**WHAT YOU WILL DO**.
Using the records below, write out again exactly the lines that begin at the line containing "Great friendly service, good" and end at the line containing "当然,微软也没有躺着摆烂,它在2020年就正式淘汰了32位Windows 10。", and no other lines.

**DATA RECORDS**.
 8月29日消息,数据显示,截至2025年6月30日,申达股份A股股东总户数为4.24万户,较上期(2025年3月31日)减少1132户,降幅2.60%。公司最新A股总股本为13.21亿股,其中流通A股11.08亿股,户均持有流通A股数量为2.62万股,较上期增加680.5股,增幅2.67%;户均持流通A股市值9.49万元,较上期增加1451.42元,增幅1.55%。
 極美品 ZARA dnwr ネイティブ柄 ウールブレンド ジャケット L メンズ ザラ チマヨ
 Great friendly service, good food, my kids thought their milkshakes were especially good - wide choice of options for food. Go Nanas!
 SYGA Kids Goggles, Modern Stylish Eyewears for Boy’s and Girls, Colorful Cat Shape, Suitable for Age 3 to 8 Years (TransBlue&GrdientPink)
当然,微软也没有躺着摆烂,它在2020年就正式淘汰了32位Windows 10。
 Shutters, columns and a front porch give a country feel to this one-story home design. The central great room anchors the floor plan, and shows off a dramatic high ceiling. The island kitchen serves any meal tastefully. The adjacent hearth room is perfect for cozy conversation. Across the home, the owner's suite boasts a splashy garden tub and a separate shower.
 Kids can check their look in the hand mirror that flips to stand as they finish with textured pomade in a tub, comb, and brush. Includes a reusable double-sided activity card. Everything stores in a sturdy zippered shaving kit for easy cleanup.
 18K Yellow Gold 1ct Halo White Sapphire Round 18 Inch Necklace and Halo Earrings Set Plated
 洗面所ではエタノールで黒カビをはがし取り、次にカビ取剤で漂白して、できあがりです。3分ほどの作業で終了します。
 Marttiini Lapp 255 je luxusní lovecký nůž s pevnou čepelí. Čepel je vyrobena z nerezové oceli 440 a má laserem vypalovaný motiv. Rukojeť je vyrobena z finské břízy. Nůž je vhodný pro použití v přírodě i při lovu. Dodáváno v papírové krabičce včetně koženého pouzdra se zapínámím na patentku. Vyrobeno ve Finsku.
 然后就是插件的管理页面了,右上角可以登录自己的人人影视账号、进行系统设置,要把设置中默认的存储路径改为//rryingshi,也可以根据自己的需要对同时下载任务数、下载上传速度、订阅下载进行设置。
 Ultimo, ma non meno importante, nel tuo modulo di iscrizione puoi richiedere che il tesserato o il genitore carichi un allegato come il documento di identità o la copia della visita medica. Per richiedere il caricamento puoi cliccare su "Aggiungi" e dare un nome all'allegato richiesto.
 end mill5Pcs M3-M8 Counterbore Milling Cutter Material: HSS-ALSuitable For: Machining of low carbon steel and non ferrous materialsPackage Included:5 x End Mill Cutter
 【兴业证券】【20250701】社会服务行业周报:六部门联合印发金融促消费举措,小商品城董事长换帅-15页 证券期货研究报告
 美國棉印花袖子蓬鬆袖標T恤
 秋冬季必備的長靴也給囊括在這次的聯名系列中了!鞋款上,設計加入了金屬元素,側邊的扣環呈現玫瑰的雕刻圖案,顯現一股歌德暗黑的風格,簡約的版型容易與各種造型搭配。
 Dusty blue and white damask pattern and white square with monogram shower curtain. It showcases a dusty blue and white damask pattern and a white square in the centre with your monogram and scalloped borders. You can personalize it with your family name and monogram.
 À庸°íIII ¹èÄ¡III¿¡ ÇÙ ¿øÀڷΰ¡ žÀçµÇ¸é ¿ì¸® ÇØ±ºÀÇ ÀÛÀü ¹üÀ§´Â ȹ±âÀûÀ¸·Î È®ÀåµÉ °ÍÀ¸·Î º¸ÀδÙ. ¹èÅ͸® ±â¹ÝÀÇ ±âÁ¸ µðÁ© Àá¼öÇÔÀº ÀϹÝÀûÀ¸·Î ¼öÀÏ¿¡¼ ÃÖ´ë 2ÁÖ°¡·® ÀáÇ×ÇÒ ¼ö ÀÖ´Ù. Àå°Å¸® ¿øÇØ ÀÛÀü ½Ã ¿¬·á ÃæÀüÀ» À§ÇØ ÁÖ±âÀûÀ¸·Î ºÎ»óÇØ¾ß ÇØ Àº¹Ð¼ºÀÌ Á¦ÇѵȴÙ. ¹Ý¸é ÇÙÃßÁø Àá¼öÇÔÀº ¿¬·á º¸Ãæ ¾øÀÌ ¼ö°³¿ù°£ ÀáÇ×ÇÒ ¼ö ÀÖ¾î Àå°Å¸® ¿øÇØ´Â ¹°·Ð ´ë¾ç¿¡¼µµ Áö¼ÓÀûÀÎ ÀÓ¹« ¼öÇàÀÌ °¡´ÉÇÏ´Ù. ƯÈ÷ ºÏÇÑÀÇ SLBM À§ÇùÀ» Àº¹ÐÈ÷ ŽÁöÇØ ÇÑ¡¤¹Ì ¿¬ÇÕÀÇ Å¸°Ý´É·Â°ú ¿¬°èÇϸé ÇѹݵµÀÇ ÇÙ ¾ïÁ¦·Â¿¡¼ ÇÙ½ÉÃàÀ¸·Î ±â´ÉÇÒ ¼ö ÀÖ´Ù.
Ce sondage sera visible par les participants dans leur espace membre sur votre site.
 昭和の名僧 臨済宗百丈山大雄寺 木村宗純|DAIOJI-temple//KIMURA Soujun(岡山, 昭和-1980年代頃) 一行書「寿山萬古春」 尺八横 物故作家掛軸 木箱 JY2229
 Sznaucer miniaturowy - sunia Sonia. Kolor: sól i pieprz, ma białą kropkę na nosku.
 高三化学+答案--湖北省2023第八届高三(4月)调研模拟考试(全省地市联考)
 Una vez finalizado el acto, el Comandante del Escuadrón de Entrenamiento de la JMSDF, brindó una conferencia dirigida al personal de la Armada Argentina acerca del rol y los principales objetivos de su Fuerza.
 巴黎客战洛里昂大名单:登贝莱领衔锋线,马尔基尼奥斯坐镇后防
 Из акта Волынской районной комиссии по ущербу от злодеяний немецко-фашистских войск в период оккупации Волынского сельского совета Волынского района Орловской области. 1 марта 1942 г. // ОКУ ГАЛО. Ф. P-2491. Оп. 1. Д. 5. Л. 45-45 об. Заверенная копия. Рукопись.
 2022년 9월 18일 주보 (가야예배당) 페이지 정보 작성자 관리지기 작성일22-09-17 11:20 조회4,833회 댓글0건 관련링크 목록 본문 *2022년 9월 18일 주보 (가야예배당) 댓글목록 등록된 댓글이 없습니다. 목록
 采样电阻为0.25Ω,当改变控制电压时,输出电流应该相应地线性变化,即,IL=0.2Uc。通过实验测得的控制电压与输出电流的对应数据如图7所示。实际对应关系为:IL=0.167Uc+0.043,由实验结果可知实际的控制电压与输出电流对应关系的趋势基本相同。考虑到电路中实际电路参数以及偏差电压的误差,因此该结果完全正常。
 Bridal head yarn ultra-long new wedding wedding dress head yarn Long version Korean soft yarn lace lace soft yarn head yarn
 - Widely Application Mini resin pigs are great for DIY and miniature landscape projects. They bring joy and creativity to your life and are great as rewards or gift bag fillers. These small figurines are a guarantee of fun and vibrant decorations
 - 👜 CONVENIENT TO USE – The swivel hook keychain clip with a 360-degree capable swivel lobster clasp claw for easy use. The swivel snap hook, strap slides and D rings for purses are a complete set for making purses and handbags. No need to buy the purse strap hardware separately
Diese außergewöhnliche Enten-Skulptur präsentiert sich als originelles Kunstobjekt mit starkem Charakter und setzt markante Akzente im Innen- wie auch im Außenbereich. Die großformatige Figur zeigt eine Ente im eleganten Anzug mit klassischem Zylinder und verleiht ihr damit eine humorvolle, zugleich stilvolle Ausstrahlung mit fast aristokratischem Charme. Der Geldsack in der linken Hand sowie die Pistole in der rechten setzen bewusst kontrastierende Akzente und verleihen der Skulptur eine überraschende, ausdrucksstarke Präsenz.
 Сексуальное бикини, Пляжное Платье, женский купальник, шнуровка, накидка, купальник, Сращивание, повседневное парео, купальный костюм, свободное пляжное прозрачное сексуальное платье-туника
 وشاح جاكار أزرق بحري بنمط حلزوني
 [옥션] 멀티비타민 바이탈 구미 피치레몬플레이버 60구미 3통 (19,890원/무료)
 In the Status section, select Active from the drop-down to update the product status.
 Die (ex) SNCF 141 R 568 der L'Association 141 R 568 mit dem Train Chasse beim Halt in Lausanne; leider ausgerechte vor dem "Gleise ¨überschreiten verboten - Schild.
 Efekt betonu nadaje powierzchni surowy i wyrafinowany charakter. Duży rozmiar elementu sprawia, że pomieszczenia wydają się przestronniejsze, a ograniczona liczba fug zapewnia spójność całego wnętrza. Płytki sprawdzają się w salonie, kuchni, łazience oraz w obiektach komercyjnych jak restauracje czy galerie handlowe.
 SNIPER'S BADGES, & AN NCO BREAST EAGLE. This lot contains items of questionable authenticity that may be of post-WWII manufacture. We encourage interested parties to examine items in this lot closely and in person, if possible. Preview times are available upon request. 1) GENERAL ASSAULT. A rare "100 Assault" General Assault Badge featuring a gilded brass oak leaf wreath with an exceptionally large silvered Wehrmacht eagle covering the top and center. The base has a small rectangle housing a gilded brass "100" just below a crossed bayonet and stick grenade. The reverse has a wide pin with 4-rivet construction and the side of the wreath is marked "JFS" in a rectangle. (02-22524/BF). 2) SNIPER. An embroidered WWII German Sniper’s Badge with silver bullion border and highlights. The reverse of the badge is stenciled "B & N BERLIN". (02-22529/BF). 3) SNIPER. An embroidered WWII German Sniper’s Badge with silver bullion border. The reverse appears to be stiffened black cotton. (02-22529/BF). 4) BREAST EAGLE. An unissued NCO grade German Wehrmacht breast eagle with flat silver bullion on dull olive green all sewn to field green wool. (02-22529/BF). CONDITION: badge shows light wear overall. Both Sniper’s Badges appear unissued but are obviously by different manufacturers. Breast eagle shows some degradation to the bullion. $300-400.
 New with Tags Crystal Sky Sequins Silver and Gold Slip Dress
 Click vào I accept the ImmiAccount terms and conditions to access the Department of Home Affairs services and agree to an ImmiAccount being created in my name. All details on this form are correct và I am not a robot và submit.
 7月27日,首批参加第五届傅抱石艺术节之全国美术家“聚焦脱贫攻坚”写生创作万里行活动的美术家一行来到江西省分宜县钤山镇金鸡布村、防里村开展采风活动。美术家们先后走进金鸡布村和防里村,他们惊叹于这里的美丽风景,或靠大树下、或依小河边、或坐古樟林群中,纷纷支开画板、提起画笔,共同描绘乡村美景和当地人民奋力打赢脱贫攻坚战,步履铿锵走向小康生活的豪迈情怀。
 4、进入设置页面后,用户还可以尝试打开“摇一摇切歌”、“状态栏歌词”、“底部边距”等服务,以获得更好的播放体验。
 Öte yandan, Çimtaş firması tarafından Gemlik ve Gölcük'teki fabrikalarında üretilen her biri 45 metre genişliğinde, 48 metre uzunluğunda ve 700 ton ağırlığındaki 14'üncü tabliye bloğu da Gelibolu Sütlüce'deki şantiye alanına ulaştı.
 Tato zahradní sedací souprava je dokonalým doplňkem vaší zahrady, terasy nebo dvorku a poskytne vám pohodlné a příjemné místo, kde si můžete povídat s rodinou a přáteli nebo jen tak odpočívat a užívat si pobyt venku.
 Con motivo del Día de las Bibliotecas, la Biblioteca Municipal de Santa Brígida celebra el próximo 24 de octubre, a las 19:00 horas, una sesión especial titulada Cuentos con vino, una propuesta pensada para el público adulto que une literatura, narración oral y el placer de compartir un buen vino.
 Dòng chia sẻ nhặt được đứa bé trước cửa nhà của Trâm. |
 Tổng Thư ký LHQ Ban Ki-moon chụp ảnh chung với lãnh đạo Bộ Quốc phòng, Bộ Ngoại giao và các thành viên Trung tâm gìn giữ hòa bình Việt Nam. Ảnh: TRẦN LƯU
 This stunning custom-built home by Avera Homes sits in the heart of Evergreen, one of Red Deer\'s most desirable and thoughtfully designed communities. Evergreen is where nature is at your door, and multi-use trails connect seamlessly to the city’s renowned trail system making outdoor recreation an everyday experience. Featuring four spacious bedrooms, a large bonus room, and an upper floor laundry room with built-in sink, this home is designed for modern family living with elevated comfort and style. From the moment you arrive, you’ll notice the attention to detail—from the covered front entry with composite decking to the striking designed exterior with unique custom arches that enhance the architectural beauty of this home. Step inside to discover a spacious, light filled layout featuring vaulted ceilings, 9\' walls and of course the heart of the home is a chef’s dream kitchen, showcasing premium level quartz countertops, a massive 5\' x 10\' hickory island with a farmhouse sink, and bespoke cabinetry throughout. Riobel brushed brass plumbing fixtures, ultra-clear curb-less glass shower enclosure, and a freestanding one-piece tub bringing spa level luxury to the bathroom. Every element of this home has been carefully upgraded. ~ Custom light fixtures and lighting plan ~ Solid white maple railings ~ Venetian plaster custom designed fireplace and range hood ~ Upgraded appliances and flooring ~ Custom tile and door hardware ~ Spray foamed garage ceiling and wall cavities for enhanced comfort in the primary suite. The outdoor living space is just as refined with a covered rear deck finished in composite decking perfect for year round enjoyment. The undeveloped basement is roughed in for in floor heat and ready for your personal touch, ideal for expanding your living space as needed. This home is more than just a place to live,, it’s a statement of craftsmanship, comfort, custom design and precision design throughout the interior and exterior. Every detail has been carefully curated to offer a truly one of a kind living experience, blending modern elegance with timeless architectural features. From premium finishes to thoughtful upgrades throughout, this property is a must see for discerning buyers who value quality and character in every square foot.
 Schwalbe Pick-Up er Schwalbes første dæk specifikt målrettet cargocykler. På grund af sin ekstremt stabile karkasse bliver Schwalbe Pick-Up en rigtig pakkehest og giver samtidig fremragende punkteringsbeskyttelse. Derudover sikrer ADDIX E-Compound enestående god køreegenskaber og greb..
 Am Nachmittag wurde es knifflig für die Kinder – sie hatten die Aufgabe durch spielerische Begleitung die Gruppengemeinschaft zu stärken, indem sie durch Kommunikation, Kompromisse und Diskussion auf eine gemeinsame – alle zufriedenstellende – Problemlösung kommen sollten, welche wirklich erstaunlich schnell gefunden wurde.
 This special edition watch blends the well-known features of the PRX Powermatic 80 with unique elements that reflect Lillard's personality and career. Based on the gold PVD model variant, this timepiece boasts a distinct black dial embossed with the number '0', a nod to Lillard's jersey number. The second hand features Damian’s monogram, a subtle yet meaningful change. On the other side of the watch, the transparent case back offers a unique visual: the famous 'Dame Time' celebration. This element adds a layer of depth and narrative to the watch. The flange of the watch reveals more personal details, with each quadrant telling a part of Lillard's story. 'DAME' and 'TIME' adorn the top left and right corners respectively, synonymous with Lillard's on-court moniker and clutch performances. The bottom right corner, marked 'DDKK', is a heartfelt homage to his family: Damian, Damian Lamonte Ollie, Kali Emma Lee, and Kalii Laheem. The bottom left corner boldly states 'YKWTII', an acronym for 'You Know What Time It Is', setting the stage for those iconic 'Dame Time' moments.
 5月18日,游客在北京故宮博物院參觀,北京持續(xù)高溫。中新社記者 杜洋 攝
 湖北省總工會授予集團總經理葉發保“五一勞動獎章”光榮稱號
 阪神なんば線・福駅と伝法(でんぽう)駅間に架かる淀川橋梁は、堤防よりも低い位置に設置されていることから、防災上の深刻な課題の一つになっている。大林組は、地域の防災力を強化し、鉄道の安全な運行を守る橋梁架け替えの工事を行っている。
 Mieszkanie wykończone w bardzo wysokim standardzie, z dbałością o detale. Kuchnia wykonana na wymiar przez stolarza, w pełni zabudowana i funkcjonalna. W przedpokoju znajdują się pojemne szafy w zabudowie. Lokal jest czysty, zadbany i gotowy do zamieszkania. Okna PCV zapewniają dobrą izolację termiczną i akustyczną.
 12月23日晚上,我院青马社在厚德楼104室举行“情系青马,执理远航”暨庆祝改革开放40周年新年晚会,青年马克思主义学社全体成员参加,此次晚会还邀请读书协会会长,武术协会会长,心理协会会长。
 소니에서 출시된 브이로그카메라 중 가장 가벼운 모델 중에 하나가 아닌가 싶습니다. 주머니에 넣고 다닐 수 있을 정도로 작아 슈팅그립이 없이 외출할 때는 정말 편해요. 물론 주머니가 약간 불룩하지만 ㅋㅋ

**RESULT OF THE TASK**.
 Great friendly service, good food, my kids thought their milkshakes were especially good - wide choice of options for food. Go Nanas!
 SYGA Kids Goggles, Modern Stylish Eyewears for Boy’s and Girls, Colorful Cat Shape, Suitable for Age 3 to 8 Years (TransBlue&GrdientPink)
当然,微软也没有躺着摆烂,它在2020年就正式淘汰了32位Windows 10。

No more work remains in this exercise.